As a Systems Development Engineer in AWS Safety Engineering, you will work on large-scale initiatives that automate the incident and problem management process for all of AWS. You will design and implement systems which automate fault containment, problem diagnosis, and issue resolution across multiple hugely-distributed, always-on architectures. These systems will take metric and dependency data from multiple sources and analyze them, correlating them with customer impact to determine root cause of an issue without human intervention. As the scale and complexity of AWS grows, this is the best way that we can offer our customers a stable and reliable cloud computing platform. We succeed once these systems detect, diagnose, and repair operational defects without customer impact or human intervention.
What You Will Do:
* Play a significant role in building new systems and solutions * Drive an environment of continuous improvement and world-class efficiency * Work cross-functionally with other teams to continually improve operational readiness and availability * Anticipate bottlenecks, make trade-offs, and encourage risk-taking to maximize business benefit * Evaluate and recommend new and emerging products and technologies * Drive operation excellence in your organization.

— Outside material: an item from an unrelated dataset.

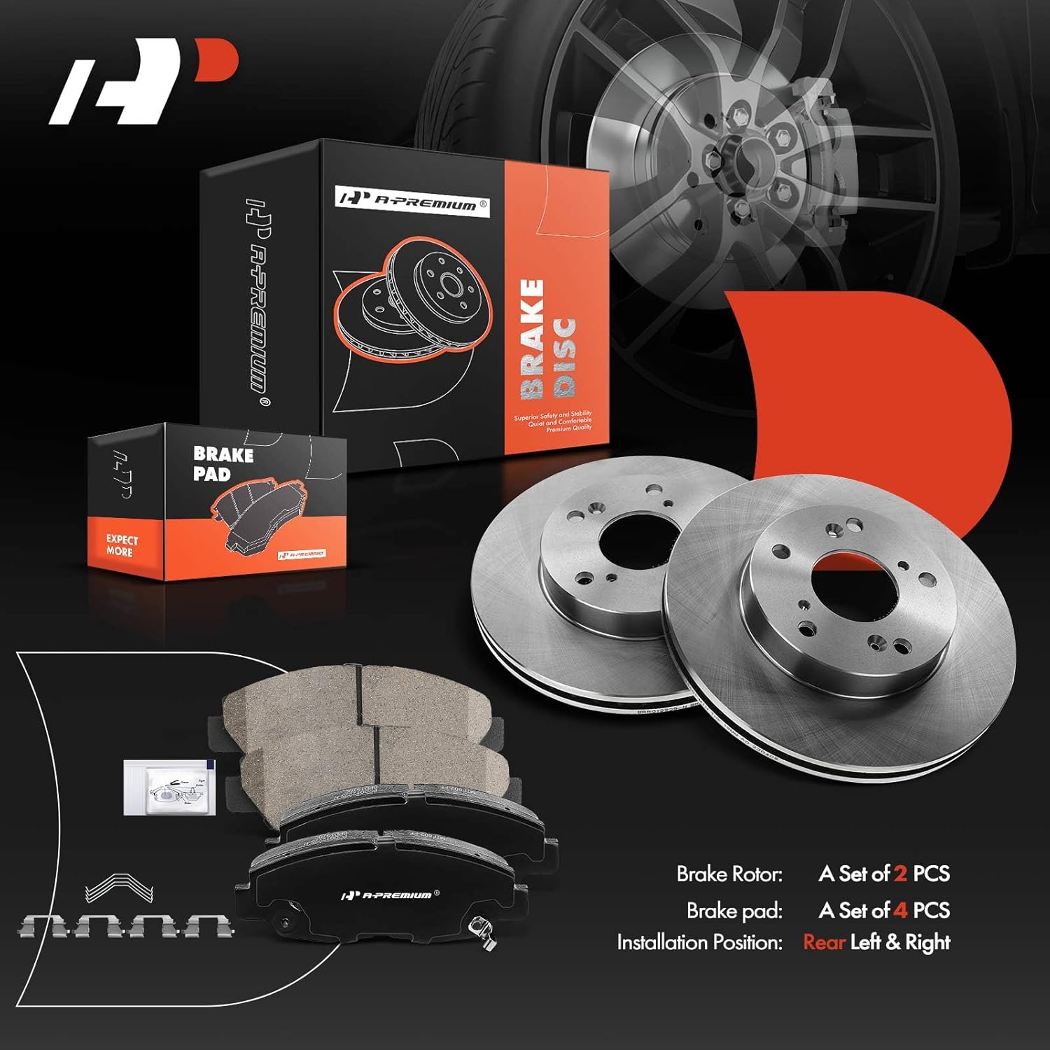 Descrição do Produto: A-Premium 10.31 inch (262mm) Front Vented Disc Brake Rotors Ceramic Pads Kit
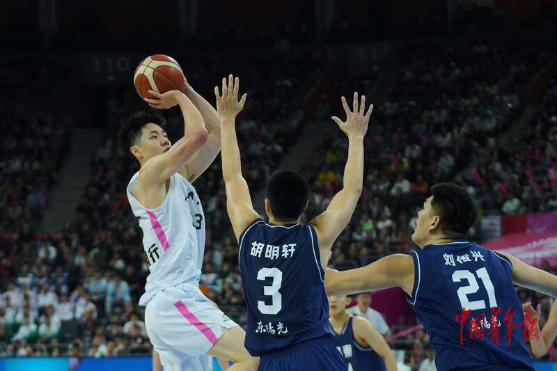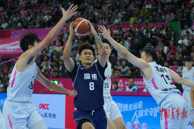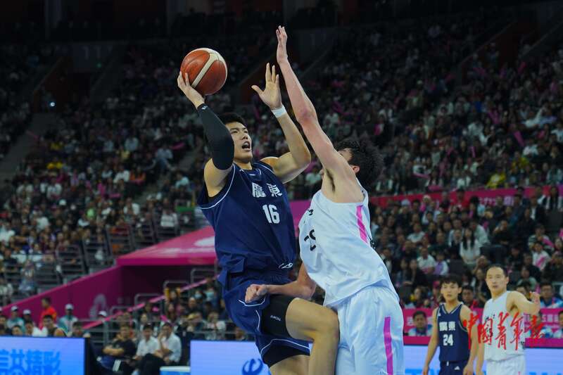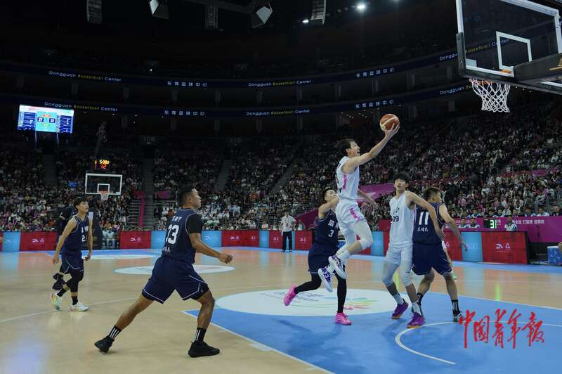 11月12日,广东东莞,东莞篮球中心,十五运会篮球男子成年组决赛,广东队沈梓捷(左)突破上篮。当晚的金牌争夺战,东道主广东队迎战浙江队,能够承载1.6万人的东莞篮球中心座无虚席,热情的球迷为两队队员加油呐喊。最终,广东队以101:65战胜浙江队,如愿夺得十五运会男篮成年组金牌。广东队此次夺冠,也是他们继山东全运会(2009年)、辽宁全运会(2013年)后,又一次夺得男篮成年组的金牌。中青报·中青网记者 田嘉硕/摄

You will work with teams across AWS to drive adoption of the solutions built by the team, and influence systems development practices for new and existing products. You will define availability goals for service teams across AWS, and strategies to make these goals attainable with minimal effort. Your goal will be to remove human-error from the day-to-day operations of the massive, always-on, distributed systems which make up AWS.
Amazon is a company operating a marketplace for consumers, sellers, and content creators.